Distributed for free at galleries in Toronto and sold on newsstands throughout Canada, Lola was considered a hybrid between a magazine and a zine (however, all its revenue was generated through advertising and subscriptions, distinguishing it from most zines, which generally have no source of revenue). Unlike most arts magazine in Canada, which rely almost exclusively on government funding, Lola received very little government support. In its seven years, Lola received one grant from the Canadian Government to support its growth in newsstand sales and subscriptions.

After the second issue was published in 1998, John Massier left the magazine. Catherine Osborne became the editor and Sally McKay became art director, though both played an equal role in the development of the editorial content. Production of the magazine took place mostly at McKay's second-floor apartment in Parkdale, with editorial meetings held once a week at Lakeview Diner, a popular greasy spoon on Dundas Street in Toronto. Initially, Lola was published twice a year. In its final year, the magazine was published quarterly.

Despite the magazine's grassroots origins, the founders were keen to turn the magazine into a profitable and financially viable magazine. In 2002, Sharon Salson (who later became Sharon Gregg) joined the staff as publisher and advertising director. With the new role, Lola's founders hoped to secure a financial investor in order to transform the magazine into a paid publication that would attract more advertisers and readers. No financial backer was found, which led to the magazine's demise after the release of Issue 16 in September 2003.
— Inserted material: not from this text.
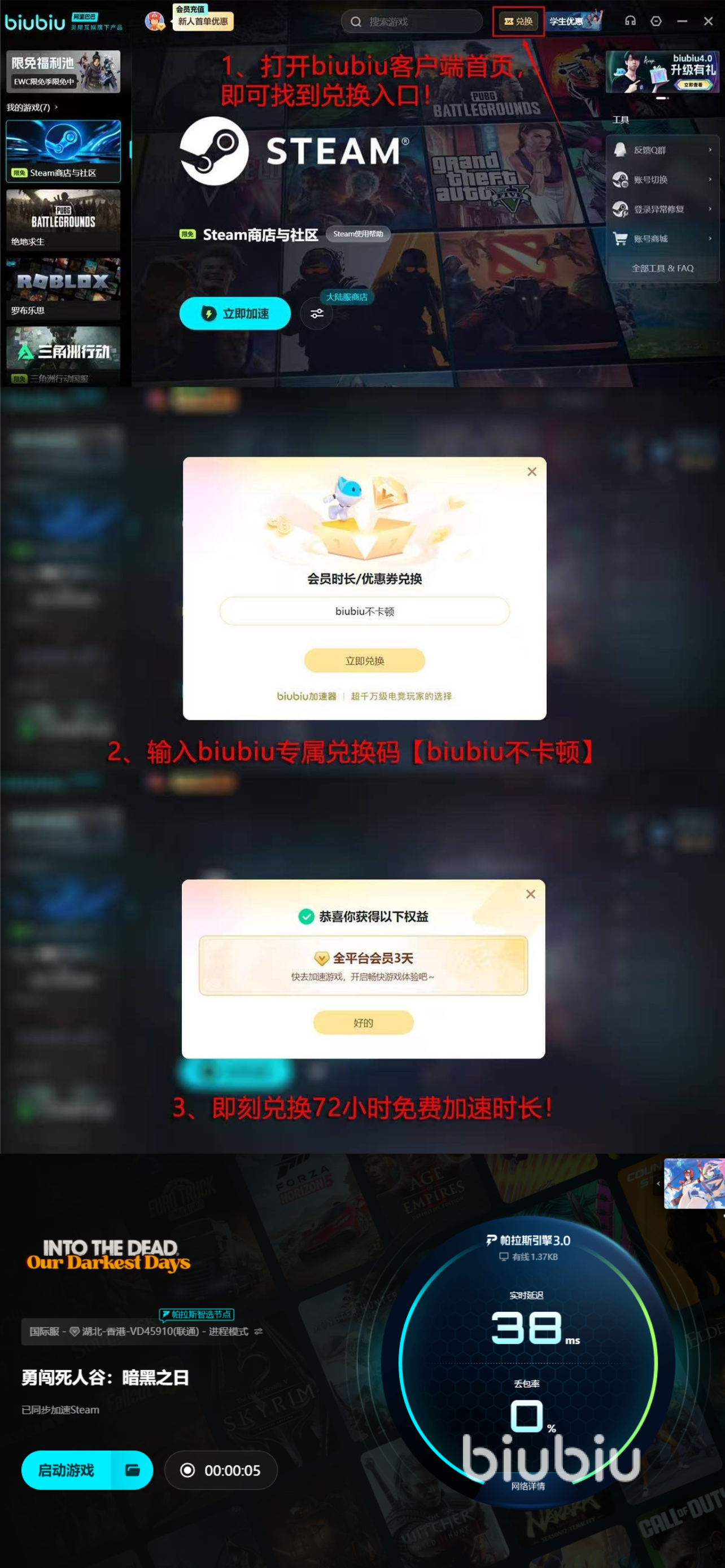 上方給大家提供的加速器對于大家體驗游戲是有不少幫助的,首先就是穩(wěn)定網(wǎng)絡(luò),讓大家無懼網(wǎng)絡(luò)不動所造成的各種問題,此外就是能讓大家流暢的進行操作。如果是新人登錄注冊,立刻就有24h提速服務(wù),此外平臺還給每個用戶額外提供3天加速時長,只需要大家在兌換區(qū)域輸入【biubiu不卡頓】。還進行了全新升級,平臺和Aixleft這位人氣冠軍選手一起合作推出了新的帕拉斯引擎3.0版本,讓玩家可以享受更加舒適的游戲環(huán)境。

During its run, Lola was frequently covered by the press, with articles appearing The Globe and Mail, Toronto Star, NOW, Shift, CBC among many others.

== Awards ==
Lola was nominated magazine of the year by the National Magazine Awards Foundation in 2001 and 2002. In 2000 Lola received Honourable Mention in the category "Magazine of the Year" at the Canadian National Magazine Awards. In 2001 Gerald Hannon won the silver award in the "Arts & Entertainment" category at the Canadian National Magazine Awards for his article Monk-y Business for Lola magazine, volume 10, Fall 2001.